▸ **Work task**
When you reach the line with "Wisdompro 2 Paquete" in the records below, begin transcribing exactly and continue up to and including the line with "30일 서울 종로구 홍대아트센터", leaving out every picture.

▸ **Task inputs**
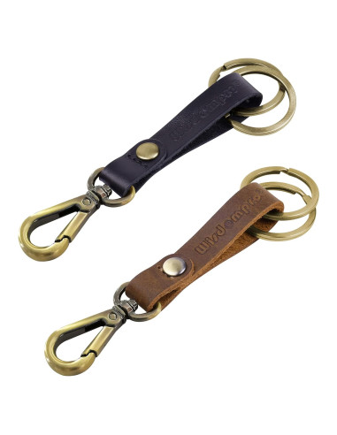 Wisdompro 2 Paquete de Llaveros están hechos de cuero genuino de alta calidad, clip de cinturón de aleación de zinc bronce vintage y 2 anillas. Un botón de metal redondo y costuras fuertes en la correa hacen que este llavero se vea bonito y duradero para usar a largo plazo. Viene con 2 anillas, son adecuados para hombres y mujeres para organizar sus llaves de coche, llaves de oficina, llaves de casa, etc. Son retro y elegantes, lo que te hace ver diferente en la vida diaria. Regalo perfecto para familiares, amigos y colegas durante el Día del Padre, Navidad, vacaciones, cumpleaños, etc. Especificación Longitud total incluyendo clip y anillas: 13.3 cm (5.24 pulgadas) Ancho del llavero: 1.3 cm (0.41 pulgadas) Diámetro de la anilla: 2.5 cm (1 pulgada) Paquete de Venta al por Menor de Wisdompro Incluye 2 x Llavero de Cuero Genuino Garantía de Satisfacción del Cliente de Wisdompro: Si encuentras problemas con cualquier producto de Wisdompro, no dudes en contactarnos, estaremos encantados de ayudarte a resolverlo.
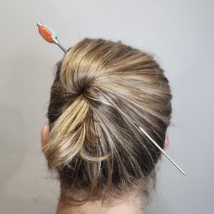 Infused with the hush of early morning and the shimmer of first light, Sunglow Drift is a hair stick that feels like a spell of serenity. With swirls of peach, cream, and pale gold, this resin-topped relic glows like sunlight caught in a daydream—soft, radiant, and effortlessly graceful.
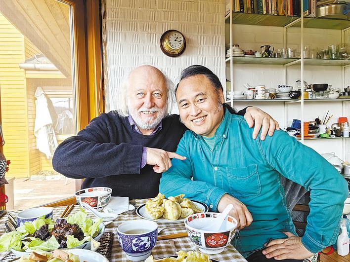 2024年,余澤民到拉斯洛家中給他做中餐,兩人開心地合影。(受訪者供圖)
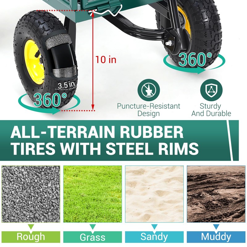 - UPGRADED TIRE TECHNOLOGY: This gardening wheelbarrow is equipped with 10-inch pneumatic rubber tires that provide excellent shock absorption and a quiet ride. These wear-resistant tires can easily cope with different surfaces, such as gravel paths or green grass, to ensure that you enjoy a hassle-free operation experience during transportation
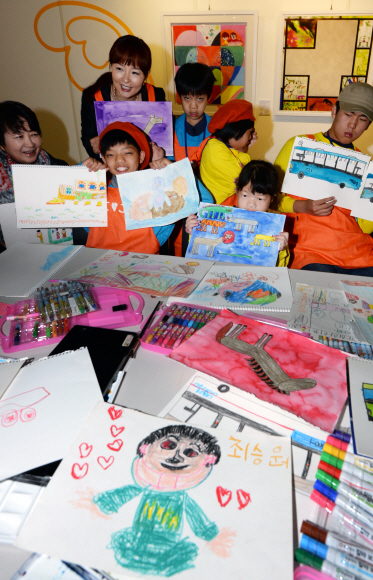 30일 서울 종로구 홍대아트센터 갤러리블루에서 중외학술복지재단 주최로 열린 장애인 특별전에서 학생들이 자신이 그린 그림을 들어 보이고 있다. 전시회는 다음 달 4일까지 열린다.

...

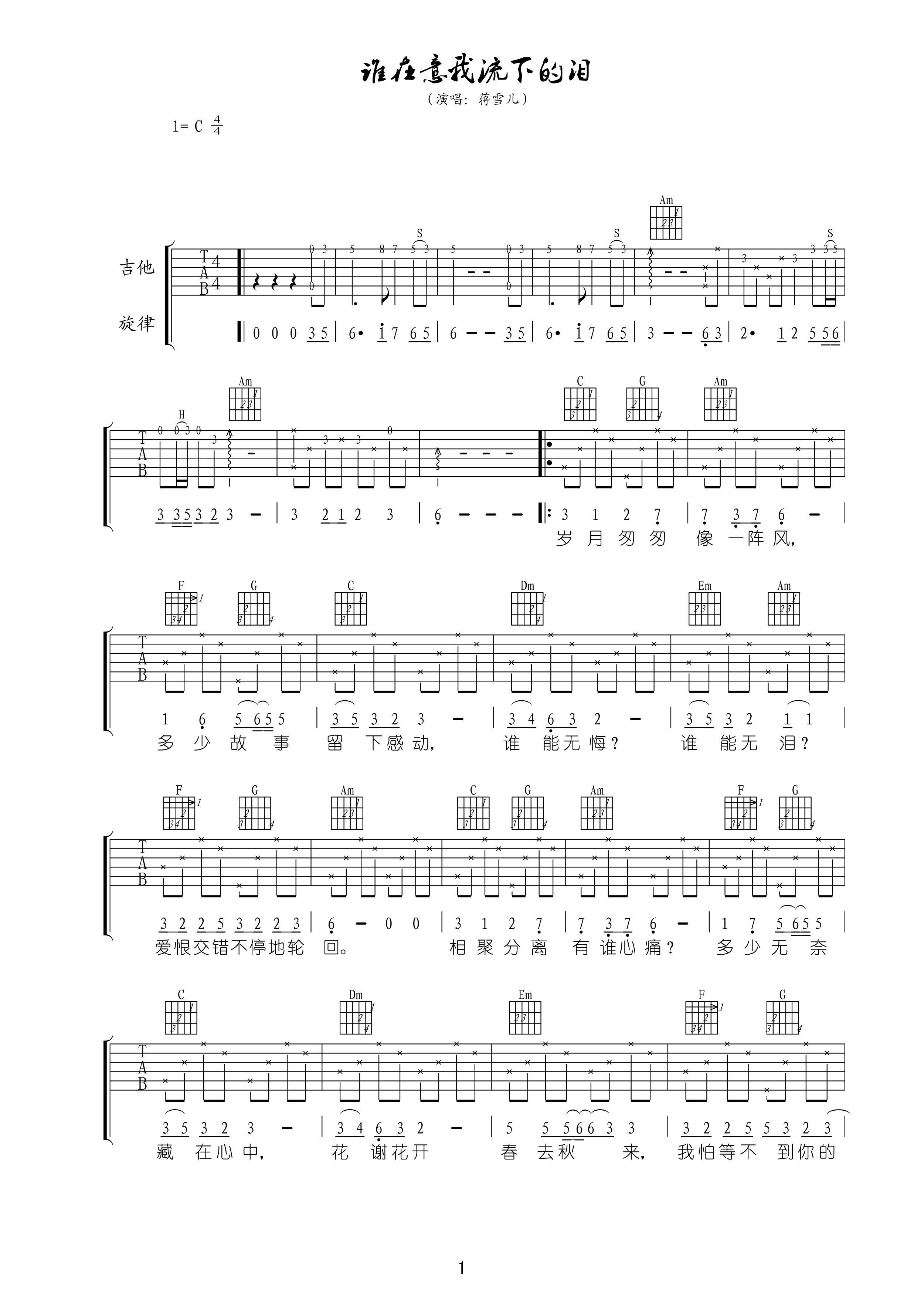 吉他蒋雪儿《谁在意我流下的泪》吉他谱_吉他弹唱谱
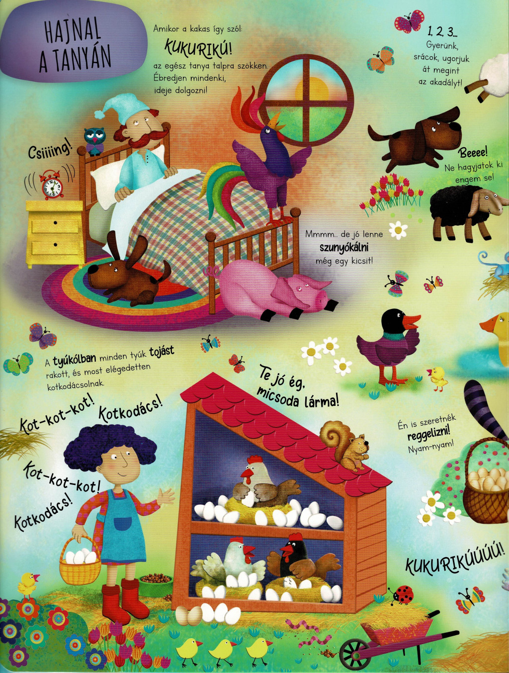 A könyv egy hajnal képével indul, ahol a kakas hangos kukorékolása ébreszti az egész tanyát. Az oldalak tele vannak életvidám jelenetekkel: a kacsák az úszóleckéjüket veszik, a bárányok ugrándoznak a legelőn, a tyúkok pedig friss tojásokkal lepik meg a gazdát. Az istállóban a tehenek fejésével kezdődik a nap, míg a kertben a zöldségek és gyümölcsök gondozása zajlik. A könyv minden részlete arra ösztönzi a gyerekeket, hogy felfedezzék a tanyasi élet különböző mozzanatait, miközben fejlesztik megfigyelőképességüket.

▸ **Result**
 Wisdompro 2 Paquete de Llaveros están hechos de cuero genuino de alta calidad, clip de cinturón de aleación de zinc bronce vintage y 2 anillas. Un botón de metal redondo y costuras fuertes en la correa hacen que este llavero se vea bonito y duradero para usar a largo plazo. Viene con 2 anillas, son adecuados para hombres y mujeres para organizar sus llaves de coche, llaves de oficina, llaves de casa, etc. Son retro y elegantes, lo que te hace ver diferente en la vida diaria. Regalo perfecto para familiares, amigos y colegas durante el Día del Padre, Navidad, vacaciones, cumpleaños, etc. Especificación Longitud total incluyendo clip y anillas: 13.3 cm (5.24 pulgadas) Ancho del llavero: 1.3 cm (0.41 pulgadas) Diámetro de la anilla: 2.5 cm (1 pulgada) Paquete de Venta al por Menor de Wisdompro Incluye 2 x Llavero de Cuero Genuino Garantía de Satisfacción del Cliente de Wisdompro: Si encuentras problemas con cualquier producto de Wisdompro, no dudes en contactarnos, estaremos encantados de ayudarte a resolverlo.
 Infused with the hush of early morning and the shimmer of first light, Sunglow Drift is a hair stick that feels like a spell of serenity. With swirls of peach, cream, and pale gold, this resin-topped relic glows like sunlight caught in a daydream—soft, radiant, and effortlessly graceful.
 2024年,余澤民到拉斯洛家中給他做中餐,兩人開心地合影。(受訪者供圖)
 - UPGRADED TIRE TECHNOLOGY: This gardening wheelbarrow is equipped with 10-inch pneumatic rubber tires that provide excellent shock absorption and a quiet ride. These wear-resistant tires can easily cope with different surfaces, such as gravel paths or green grass, to ensure that you enjoy a hassle-free operation experience during transportation
 30일 서울 종로구 홍대아트센터 갤러리블루에서 중외학술복지재단 주최로 열린 장애인 특별전에서 학생들이 자신이 그린 그림을 들어 보이고 있다. 전시회는 다음 달 4일까지 열린다.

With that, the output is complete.